• **Exercise details**
Output the data below exactly as it is, dropping the pictures from your copy.

• **Material provided**
# # # # #

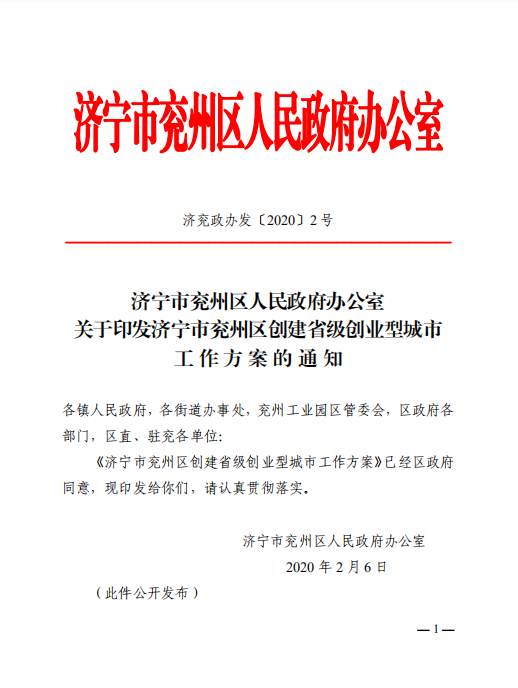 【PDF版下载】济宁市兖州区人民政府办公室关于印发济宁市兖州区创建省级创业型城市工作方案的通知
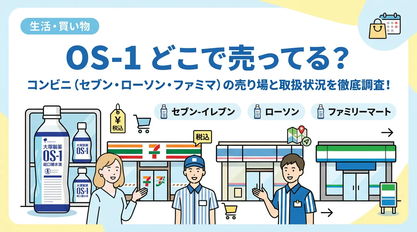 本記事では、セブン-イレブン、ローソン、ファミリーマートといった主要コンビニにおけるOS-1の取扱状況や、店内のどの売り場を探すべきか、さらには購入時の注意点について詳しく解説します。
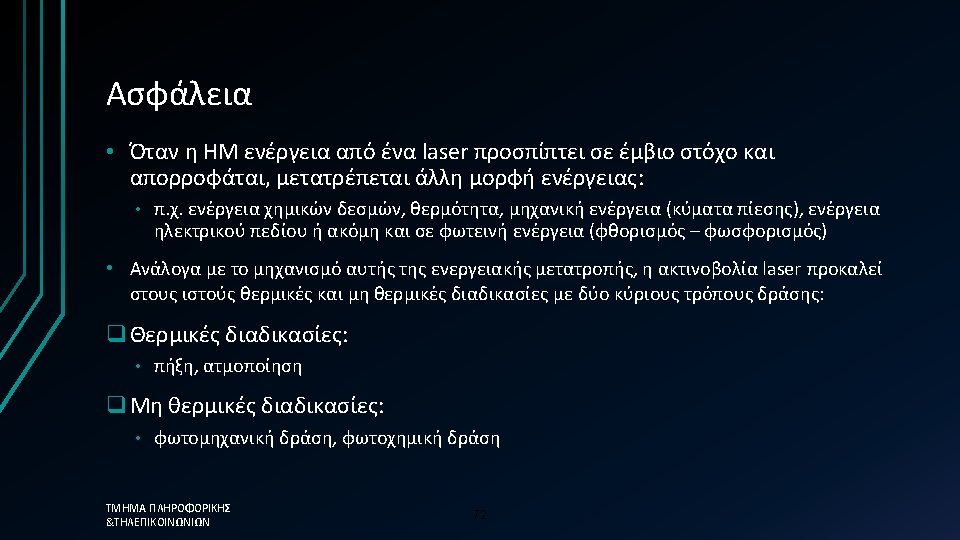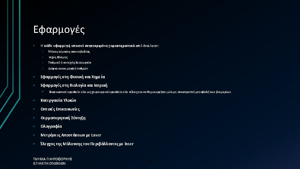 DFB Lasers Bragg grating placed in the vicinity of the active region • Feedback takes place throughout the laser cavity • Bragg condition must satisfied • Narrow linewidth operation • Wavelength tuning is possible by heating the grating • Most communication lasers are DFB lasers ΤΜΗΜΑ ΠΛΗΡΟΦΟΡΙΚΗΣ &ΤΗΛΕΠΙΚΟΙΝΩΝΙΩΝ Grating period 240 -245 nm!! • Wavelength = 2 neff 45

# # # # #

• **Completed task**
 【PDF版下载】济宁市兖州区人民政府办公室关于印发济宁市兖州区创建省级创业型城市工作方案的通知
 本記事では、セブン-イレブン、ローソン、ファミリーマートといった主要コンビニにおけるOS-1の取扱状況や、店内のどの売り場を探すべきか、さらには購入時の注意点について詳しく解説します。
 DFB Lasers Bragg grating placed in the vicinity of the active region • Feedback takes place throughout the laser cavity • Bragg condition must satisfied • Narrow linewidth operation • Wavelength tuning is possible by heating the grating • Most communication lasers are DFB lasers ΤΜΗΜΑ ΠΛΗΡΟΦΟΡΙΚΗΣ &ΤΗΛΕΠΙΚΟΙΝΩΝΙΩΝ Grating period 240 -245 nm!! • Wavelength = 2 neff 45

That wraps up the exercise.